Sony cannot be trusted with Spider-Man. Not averse to tanking a perfectly good franchise by interfering with Sam Raimi‘s third Spider-Man film and then pulling the plug on a potential fourth, the studio added further insult to injury by serving up an abysmal reboot in the form of The Amazing Spider-Man movies – a stinking, heartless rehash that purely existed to set-up multiple cash-grabbing sequels and spin-offs. Yes, Sony saw sense and eventually shared the rights with Marvel, but all that goodwill was undone with the release of the atrocious Venom and the announcement of even more unnecessary spin-offs to follow. As track records go, it’s not exactly a winning one.

So you can understand our trepidation as we sat down to watch Sony’s latest offering from the Spider-Man movie canon – the webhead’s first full-length animated theatrical feature, Spider-Man: Into the Spider-Verse. Has Sony delivered a worthy outing for arguably one of popular culture’s greatest icons? Or is it just another lazy cash-and-grab?

The answer to that second question is, thankfully, no.

It could have been too easy for Into the Spider-Verse to fail – a complex, multiverse spanning adventure that introduces new Spider-Man Miles Morales (Shameik Moore) and five other inter-dimensional incarnations of Spider-Men (or Women), the film has so many backstories, plot-threads and character arcs to pack in, it could so easily buckle. Thankfully, Phil Lord and Rodney Rothman‘s screenplay strikes a good balance from the start, treating each element with the right amount of care and attention, thus ensuring the film never feels bloated or confusing, whilst simultaneously catering to both kids, adults, hardcore fans and the most causal of viewers all at once.

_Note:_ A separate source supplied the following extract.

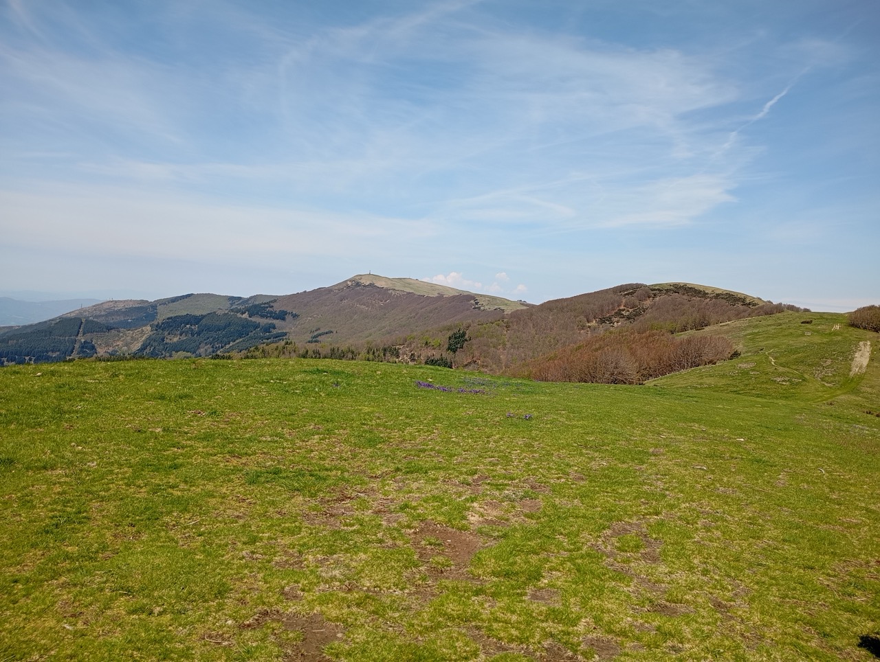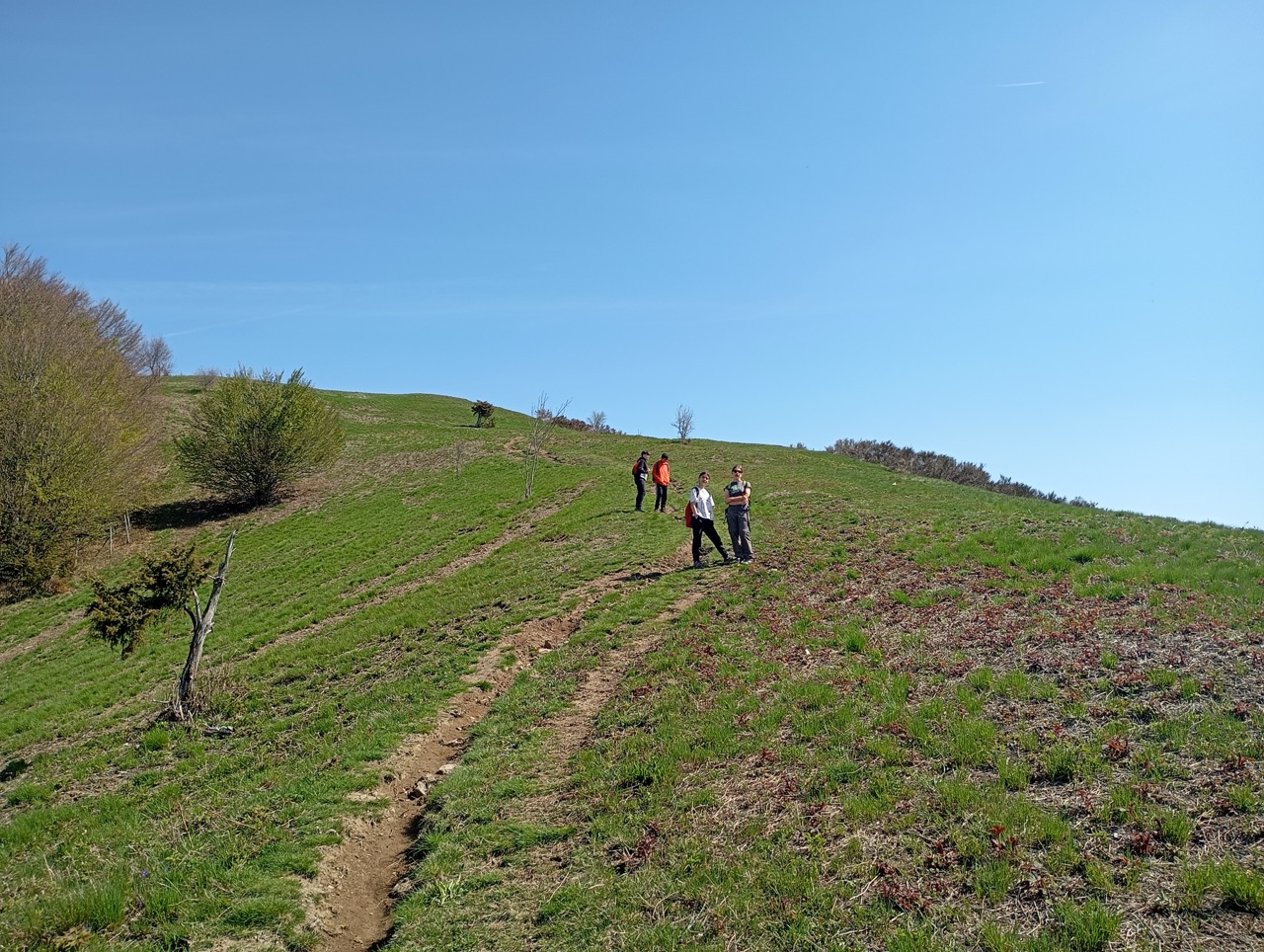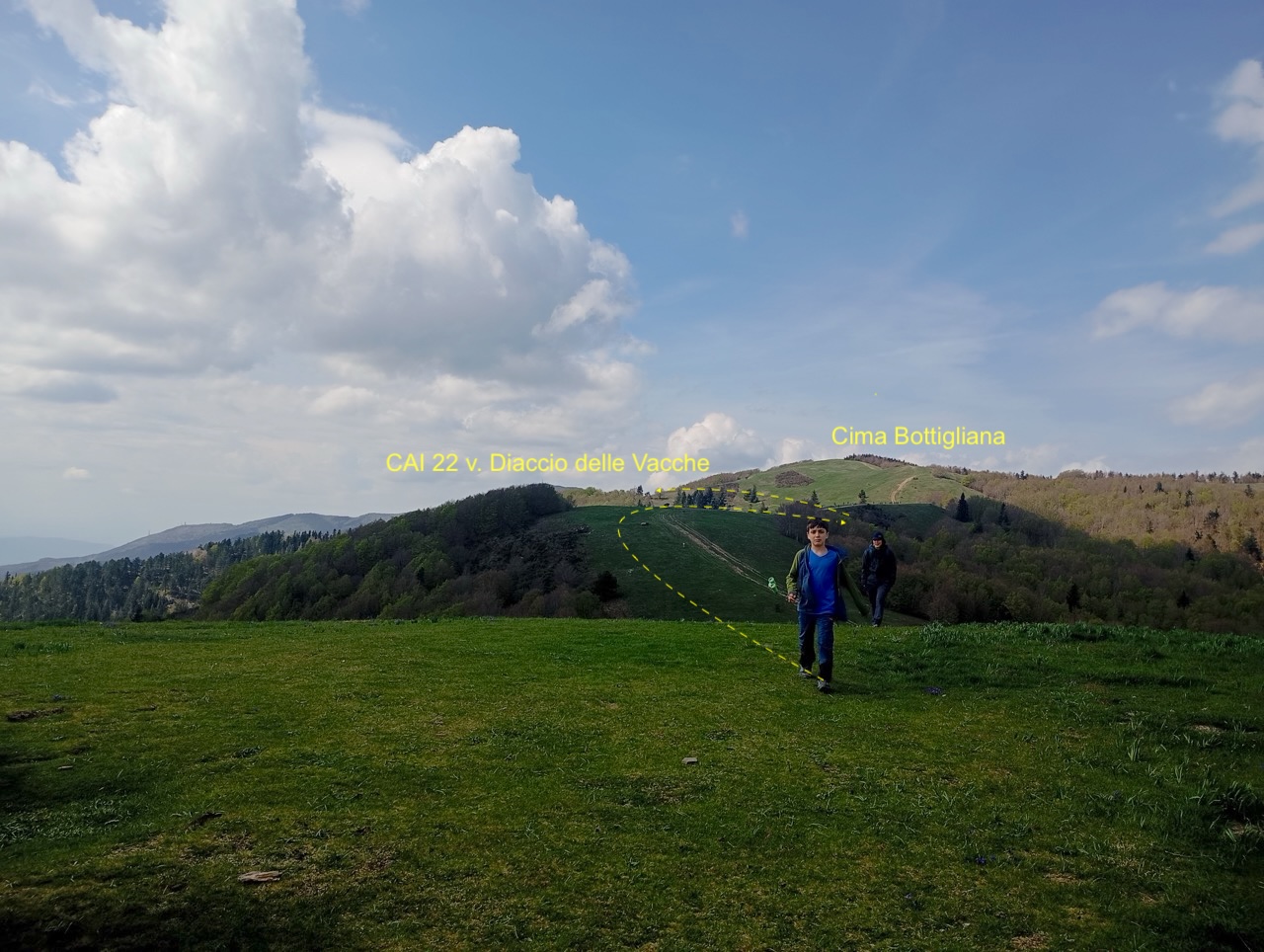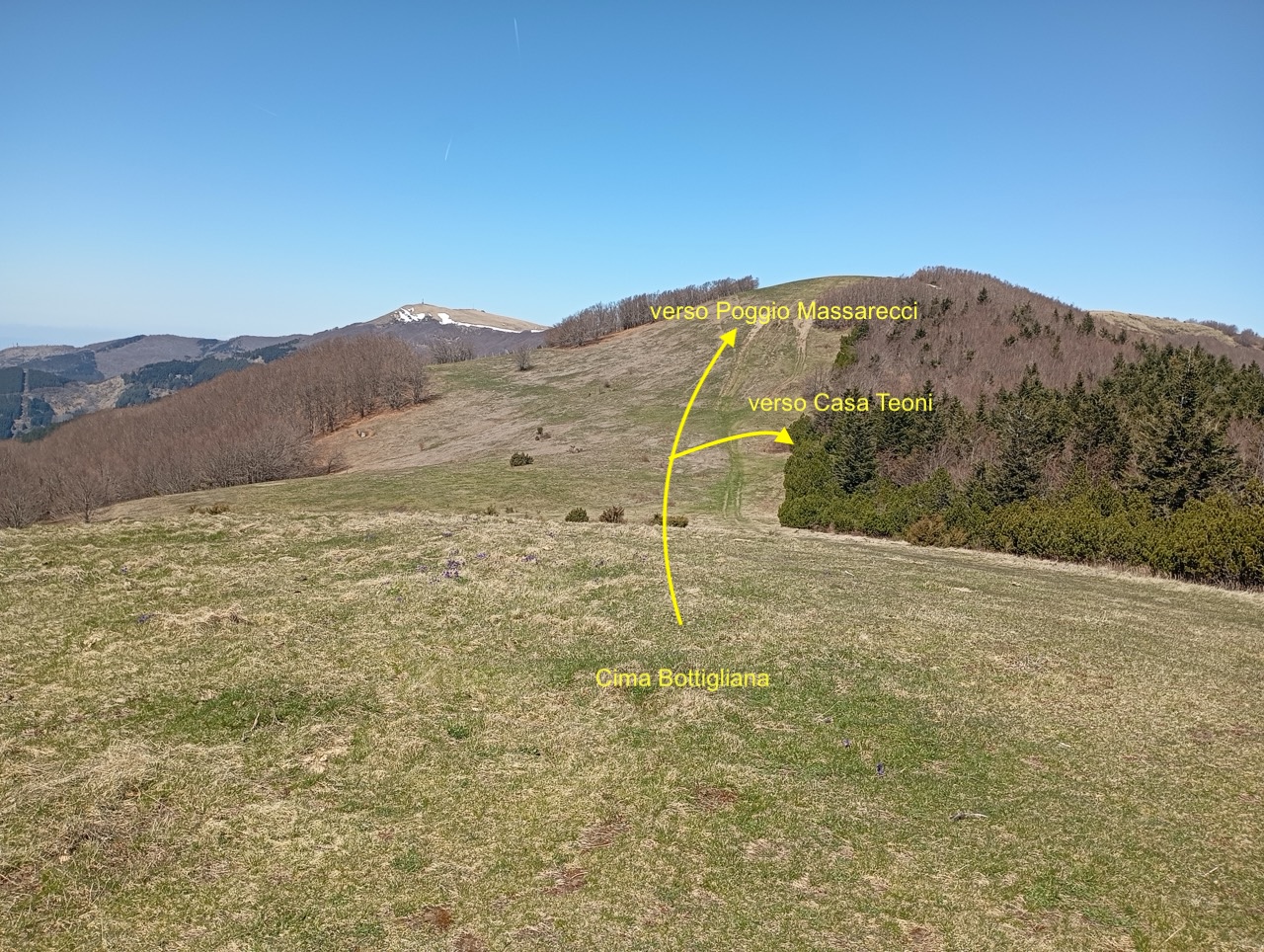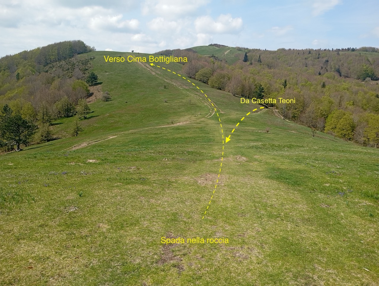 Dopo una pausa, si continua a salire fino a che il sentiero si apre, e dopo una curva a destra troviamo un bivio che prendiamo a sinistra per arrampicarci fino ai prati di crinale, presso Cima Bottigliana.

The film showcases a real emotional maturity throughout, with some truly dark moments coming through amidst all the ramshackle action and wacky humour. Jake Johnson‘s older, more cynical and jaded take on Spider-Man provides the film with plenty of wit, but from there the film goes much deeper into this character choice, resulting in a rounded and relatable figure that adults will easily identify with. The lead villain of the piece, Liev Schreiber‘s Kingpin, is given plenty of interesting depth as well, providing an emotional hook behind his nefarious actions, whilst characters like Aunt May (Lily Tomlin), Aaron Davis (Mahershala Ali), Jefferson Davis (Brian Tyree Henry) and Gwen Stacey (Hailee Steinfeld) are equally well-served. One key moment involving Miles and his dad, Jefferson, is particularly affecting, played with the right amount of pathos and understatement by the actors and animators involved. It’s not the only moment to elicit a genuine emotional reaction here, but it perfectly sums up how mature Spider-Verse can be, despite all the super-heroics and comedic spectacle.

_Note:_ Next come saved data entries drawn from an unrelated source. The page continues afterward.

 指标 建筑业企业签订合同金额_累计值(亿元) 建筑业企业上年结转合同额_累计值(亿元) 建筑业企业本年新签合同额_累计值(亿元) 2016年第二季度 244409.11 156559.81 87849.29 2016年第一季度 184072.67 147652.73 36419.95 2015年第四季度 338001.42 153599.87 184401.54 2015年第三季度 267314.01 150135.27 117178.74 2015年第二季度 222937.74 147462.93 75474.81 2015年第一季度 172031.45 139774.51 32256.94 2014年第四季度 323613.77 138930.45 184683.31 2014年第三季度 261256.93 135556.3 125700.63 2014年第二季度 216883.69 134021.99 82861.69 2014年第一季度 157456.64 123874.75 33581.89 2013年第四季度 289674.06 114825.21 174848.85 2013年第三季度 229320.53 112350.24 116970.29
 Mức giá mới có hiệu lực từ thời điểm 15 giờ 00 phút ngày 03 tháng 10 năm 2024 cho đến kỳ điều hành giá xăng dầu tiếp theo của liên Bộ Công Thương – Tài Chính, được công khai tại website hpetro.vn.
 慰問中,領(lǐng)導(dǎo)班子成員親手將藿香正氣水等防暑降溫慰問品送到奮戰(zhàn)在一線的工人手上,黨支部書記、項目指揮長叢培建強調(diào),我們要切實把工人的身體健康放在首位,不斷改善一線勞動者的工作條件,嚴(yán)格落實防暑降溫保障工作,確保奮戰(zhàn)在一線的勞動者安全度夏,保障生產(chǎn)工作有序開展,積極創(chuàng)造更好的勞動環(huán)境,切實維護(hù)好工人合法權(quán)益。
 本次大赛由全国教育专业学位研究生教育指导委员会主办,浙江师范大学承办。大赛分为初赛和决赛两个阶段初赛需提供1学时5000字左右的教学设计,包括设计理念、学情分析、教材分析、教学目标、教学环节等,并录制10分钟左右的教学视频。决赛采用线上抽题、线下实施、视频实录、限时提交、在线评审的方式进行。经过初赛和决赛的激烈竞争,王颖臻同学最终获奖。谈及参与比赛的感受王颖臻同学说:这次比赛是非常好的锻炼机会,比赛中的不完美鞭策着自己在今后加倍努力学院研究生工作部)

Ultimately though, this is Mile’s story and it’s here that the movie truly becomes something special – like the best origin stories, the film presents us a character that is flawed but endearing, and charts his growth and development into a real hero in a way that is involving and emotionally accessible. The film makes the smart move to mainly focus on Miles – the supporting Spider-characters provide able back-up in terms of comedy, action and pathos, but ultimately make way when they need to for Miles’ arc. The final, electrifying fight sequence is a perfect example of this, which highlights real restraint from the directors and filmmakers that ultimately serves the finished product well.

There’s a strong emphasis on fun throughout – fan-pleasing in-jokes, wacky and offbeat humour, hilarious wit and wild slapstick partnered with pulse-pounding action scenes combine to deliver a slick animated film that makes full use of its comedic potential. Long term Spidey fans are well-served here with lots of nods and references to everything from past movies and merchandise to classic comics and even memes, with the end credits sting a particular hilarious stand-out gag worth staying till the end for.

However, all of the excellent writing and dynamite performances are very nearly eclipsed by the beautiful, imaginative animation – if there is one true reason to see the film, Spidey fan or not, then the visuals are it by far. The jerky, comic-book aesthetic (complete with colours and line art ripped straight from the classic comics) lends a unique look and feel to the whole shebang. This comic art style drip feeds into the storytelling itself, resulting in unorthodox but interesting visual beats that advance the story in a way most films, animated or not, would struggle to flawlessly achieve. The action sequences are particularly fluid and fast – here we have 360 degree web-swinging and epic battles that no live action Spider-Man could ever hope to achieve convincingly, whilst the camera shots, blended styles, colour palette and character design are all purposed to make full use of the freedom the medium provides.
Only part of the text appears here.